September 8th, 2017 at 3:38 PM ^
If that's the future, then NCAA football disappears with it. I don't think many kids strive for excellence through high schoool so they can get a full ride to a D1 school just to go to the CFL or nothing at all.
September 8th, 2017 at 5:27 PM ^
If people aren't watching, they don't have a choice. Money still makes it all happen.
September 8th, 2017 at 3:07 PM ^
and there's mass panic.
September 8th, 2017 at 4:00 PM ^
Heading a ball going 30 mph isn't exactly healthy.
Every sport has risk.
September 8th, 2017 at 4:02 PM ^
What does the data say? You assume that heading a ball going 30 mph will cause CTE, but the scientific process requires you test that hypothesis. So what does data say about soccer? Does it cause CTE? More than football? Less than football? And 'every sport has risk' isn't a justification. The key question is 'how much risk', and have that widely available to all people from parents to professionals so they can make the best, most informed decisions.
September 8th, 2017 at 4:29 PM ^
http://newsroom.aaos.org/images/9064/media_gallery/ConcussionAbstractAA…
Better stop letting your daughters play soccer or basketball.
September 8th, 2017 at 5:57 PM ^
Ah yes, the old "other sports have concussions too" argument.
CTE risk is not the same as concussion count.
September 8th, 2017 at 4:08 PM ^
That would be a big change, but less radical than what you would need to do to football to get the same reduction in brain damage.
September 8th, 2017 at 4:54 PM ^
I'm not a huge soccer fan, but it seems to me that would change the game drastically.
September 8th, 2017 at 5:08 PM ^
I wouldn't say drastically... players only head the ball something like 6 times per game, but that is easy enough to reduce
September 8th, 2017 at 7:24 PM ^
Headers are a key part of passing, intercepting and scoring. Anytime the ball is in the air over people's heads there will more likely than not be a header. Goal kicks and corner kicks almost always result in high speed headers. Ditto drop kicks by the goalie.

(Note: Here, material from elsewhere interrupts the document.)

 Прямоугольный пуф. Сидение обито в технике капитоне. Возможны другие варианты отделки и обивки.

Source: played and coached for years
September 9th, 2017 at 4:49 PM ^
it is 6 times per game per player, there are studies on this.
Studies:
http://www.sciencedirect.com/science/article/pii/S0887617702001518?np=y
September 8th, 2017 at 7:33 PM ^
September 8th, 2017 at 3:15 PM ^
Why would making footballs harder to throw improve safety? IIRC, the forward pass was legalized in part as a safety measure, to open up the game from the constant scrums it had been before.

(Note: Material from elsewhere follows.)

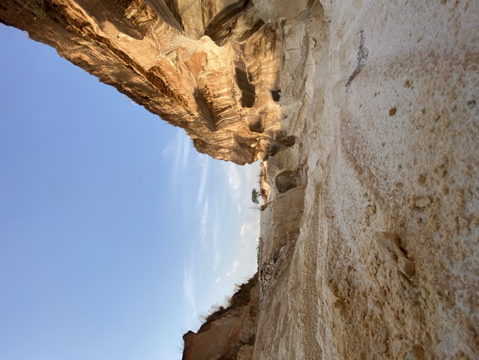 An upward-angled shot reveals towering cliffs against a clear blue sky. The left cliff face is layered with tan and brown striations, forming caves and protrusions. The right cliff appears porous and textured, showcasing a sandy color. A small tree grows precariously on the exposed edge between the cliffs. The sky is bright, with soft wisps of clouds visible between the rock formations.

September 8th, 2017 at 3:14 PM ^
like me. BTW, the middle class is disappearing rapdily so it's probably a moot point.
September 8th, 2017 at 3:15 PM ^
Big time soccer wasn't on live ESPN every week back in the day like it is now. I think soccer is finally going to overtake football by 2040.
September 8th, 2017 at 3:16 PM ^
September 8th, 2017 at 3:19 PM ^
September 8th, 2017 at 3:23 PM ^
I kid!
Don't @ me USMNT fans!
September 8th, 2017 at 3:23 PM ^
my that sounds unpleasurable.
September 8th, 2017 at 4:11 PM ^
September 8th, 2017 at 3:16 PM ^
That article on Crisler was a great read. I cannot imagine the 'sleeper' ever being part of the game.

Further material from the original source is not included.